We live in the Milky Way galaxy, a spiral galaxy composed of billions of stars spread throughout it, but how did it get its name? Since many things in the sky were named based on basic observations, the naming of the Milky Way is more simple than you might once have thought.
The Milky Way is so massive that is would take you 100,000 years to travel from one side to the other at the speed of light, and the earth sits on the outer reaches of the galaxy, about 165 quadrillion miles away from the massive black hole that sits at the center and drags everything in it. But what makes it “Milky”?
The name of the Milky Way comes from the way it looks in the night sky. If you can get away from enough ambient light, the sky takes on a milky appearance as the stars stretch across the night sky. The word “galaxy” actually derives from the Greek word “galaxias” which means “milky one”, and “galaktikos” which means “milky circle”. The Romans even called it Via Lactea, which means “The Road of Milk”.
Interestingly, the Milky Way is not composed a galaxy by itself. The appearance of the Milky Way includes a huge number of other galaxies in the sky. It wasn’t until the 20th century that this was discovered to be the case. Edwin Hubble, whom the Hubble telescope was named, observed that there were other galaxies beyond the Milky Way.
Hopefully no one thought it was named after the candy bar.
The Milky Way is disc-shaped with a bulging center that is 12,000 light years in diameter, but it isn’t completely flat. Two dwarf galaxies called the Large and Small Magellanic Clouds are pulling on the Milky Way’s hydrogen gas and dark matter and warping it out of shape.

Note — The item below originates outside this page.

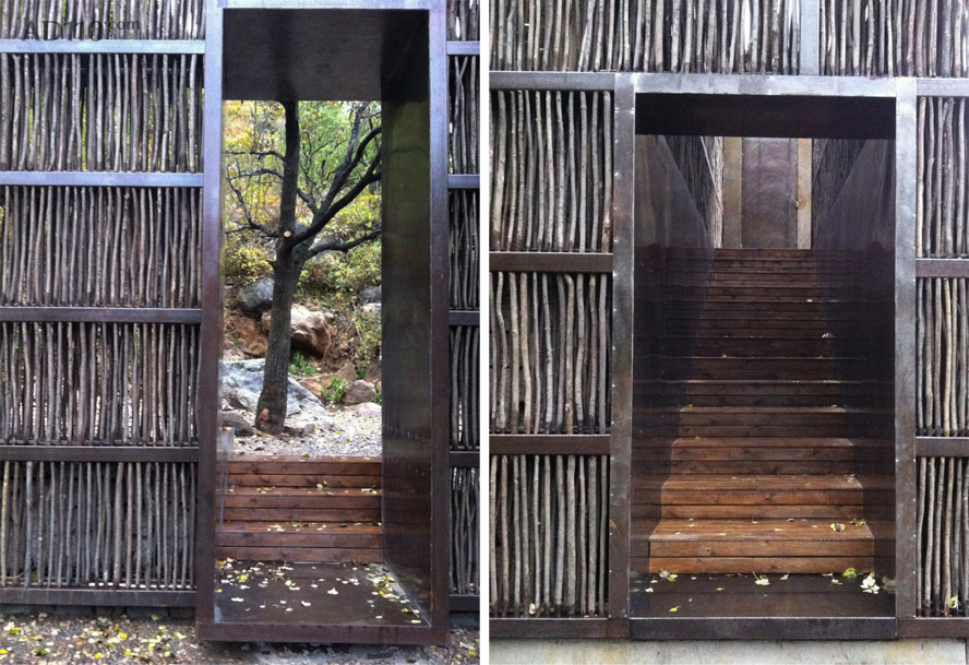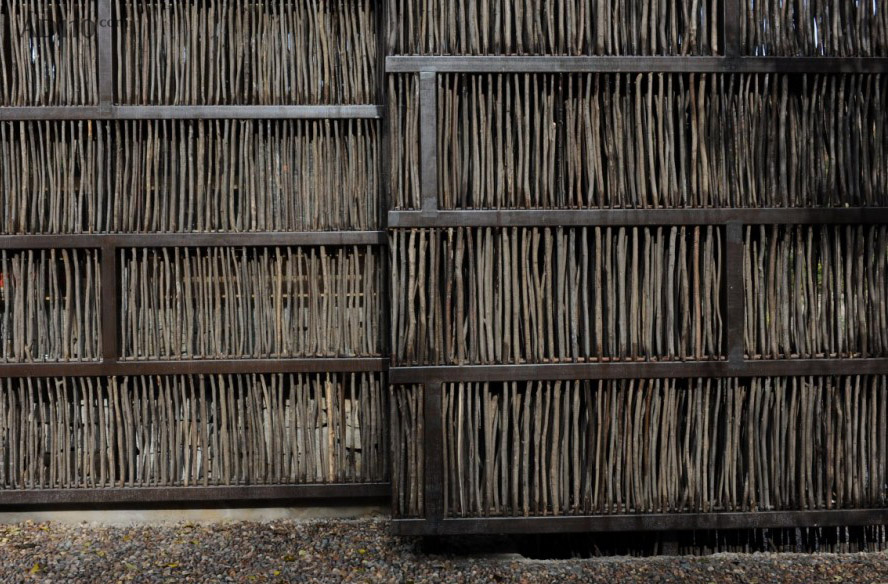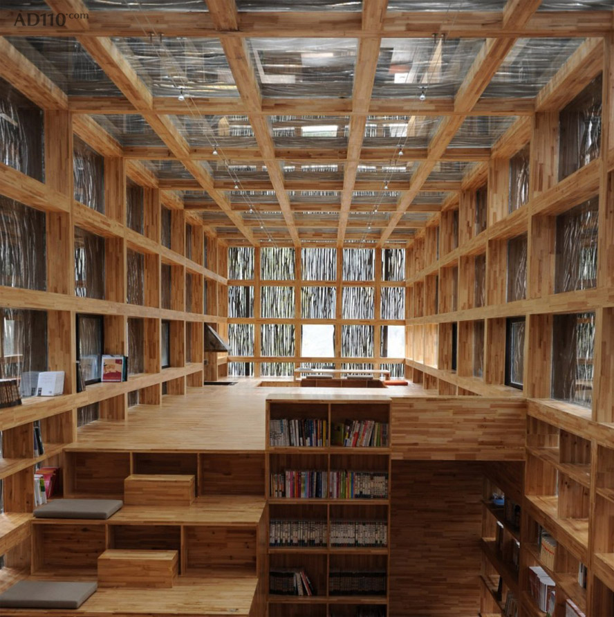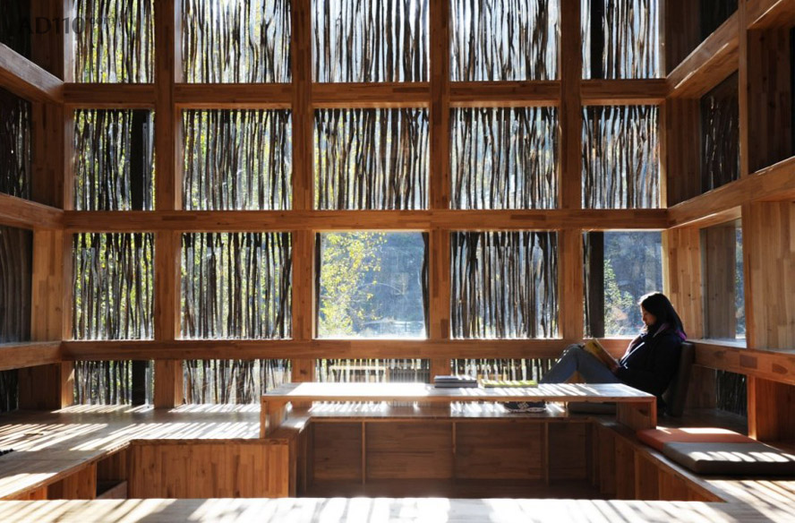书屋本身与自然环境结合成浑然的一体。场景中,既遮阳又透光,同时展现出强烈的地域特性,书屋也因此取名“篱苑”。

The Milky Way is far from the largest of the galaxies in the sky. It’s believed to have over 200 billion stars, but this is miniscule in comparison to the largest known galaxy, IC 1101, which is believed to have over 100 trillion stars. The most stars you can see from a fixed point on earth is about 2,500.
The Milky Way got its shape from gobbling up other galaxies. The stars of the Canis Major Dwarf Galaxy, the closest galaxy to the Milky Way, is even having its stars added to the Milky Way at this very moment.
The center of the Milky Way is known as Sagittarius A, a supermassive black hole that is believed to be 14 million miles in diameter. All of the mass in the disc of the black hole has a mass 4.6 million times of that of our sun and is about the size of the earth’s orbit around the sun.
We don’t really know what the Milky Way looks like since we’re right inside it. All pictures of the Milky Way are based on an artist’s interpretation of what it would like if we could be outside it.
The Milky Way is actually part of a group of galaxies that are collectively known as the Local Group where the other galaxies are within 150 million light-years of each other. The closest spiral galaxy to us is the Andromeda Galaxy. The Local Group is in an even larger group of galaxies called the Virgo Supercluster. This huge group is just an extremely tiny segment of our universe.
The Milky Way is moving just like the earth does around the sun, but it travels at around 1.4 million miles per hour. Try wrapping your head around that one.